This function is used to adjust the weights of all inhibitory weights between the sequence nodes.

# Appendix B

## **Analysis of Sequence Nodes**

The solutions to the linear analysis of sequence nodes presented in Section 4.3.1. of chapter 4 is given in this appendix.

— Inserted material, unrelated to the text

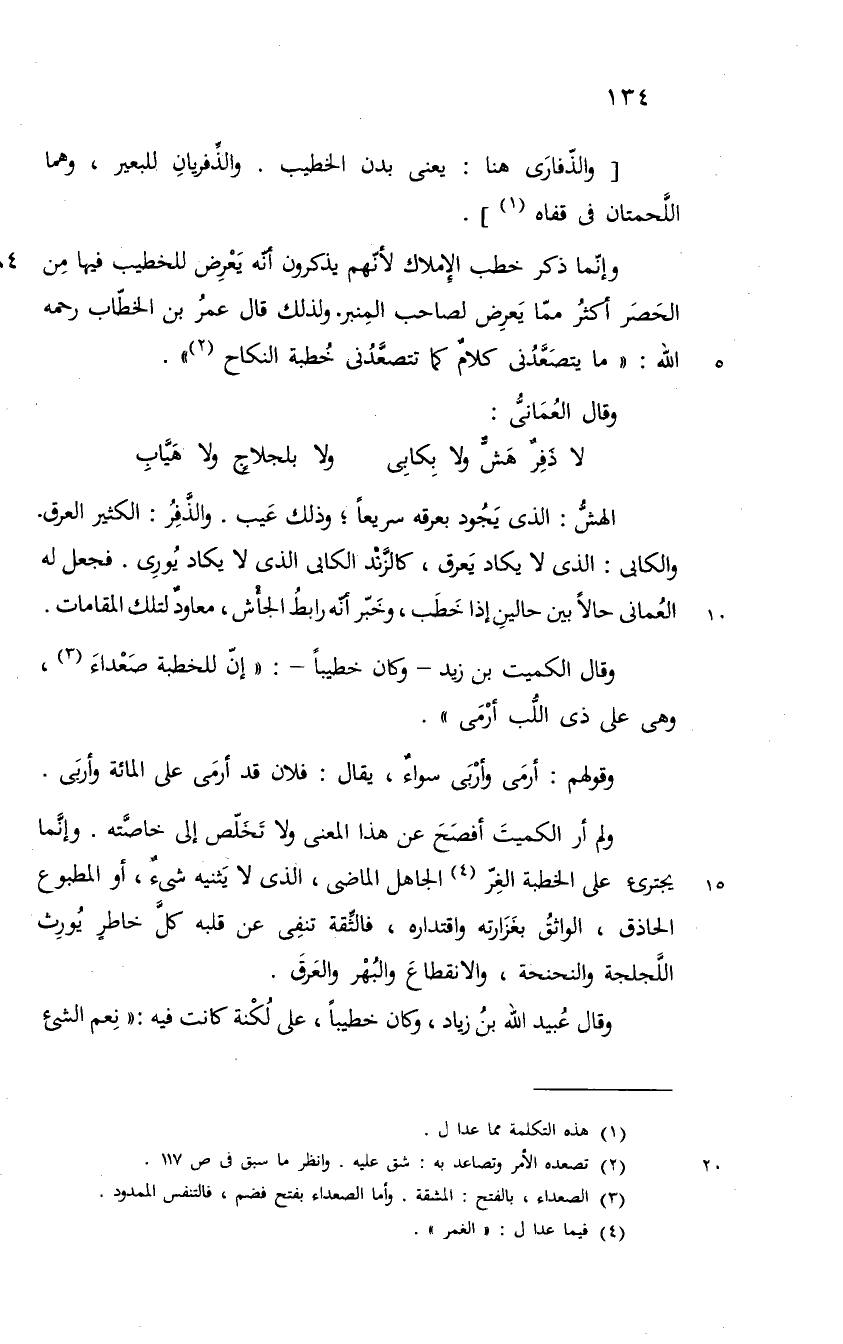 وقولهم أرمى وأربى سواء يقال فلان قد أرمي على المائة وأربى ولم أر الكميت افصح عن هذا المعنى ولا تخلص الى خاصته وانما يجترىء علىالخطبة الغمر الجاهل الماضي الذي لا يثنيه شيء او المطبوع الحاذق الواثق بغزارته واقتدراه فالثقة تنفي عن قلبه كل خاطر يورث اللجلجة والنحنحة والانقطاع والبهر والعرق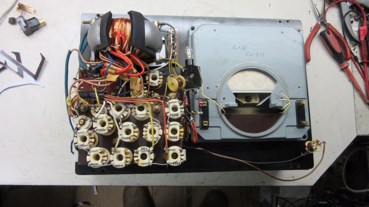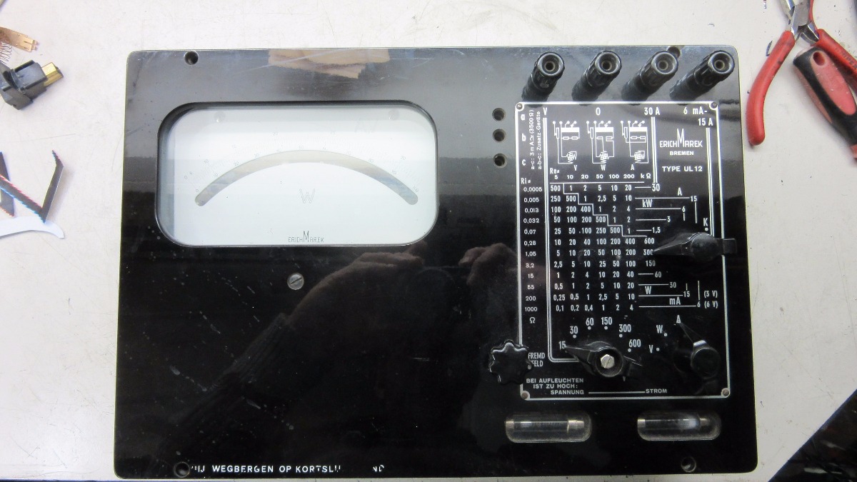 Werken zal het apparaat voorlopig niet, tenzij ik met zeer veel engelengeduld de draaispoelmeter gerepareerd krijg.

The dynamic equations for nodes  $S_i$  and  $S_j$  can be expressed in the form

$$\tau_s \frac{dx_i}{dt} + x_i = bz_i - ay_j + \theta_s \tag{B.1}$$



- o excitatory connection
- inhibitory connection

Fig. B.1 Two sequence nodes.

$$\tau_s \frac{dx_j}{dt} + x_j = bz_j + ay_i + \theta_s \tag{B.2}$$

$$y_j = \frac{x_j}{5} + \frac{1}{2} \tag{B.3}$$

where  $\tau_s$  is the time constant associated with each sequence node, b is the weight of the external input link, a is the weight of the link connecting the output of one node to the input of another node,  $z_k$ , is the external input k, and  $\theta_s$  is the bias.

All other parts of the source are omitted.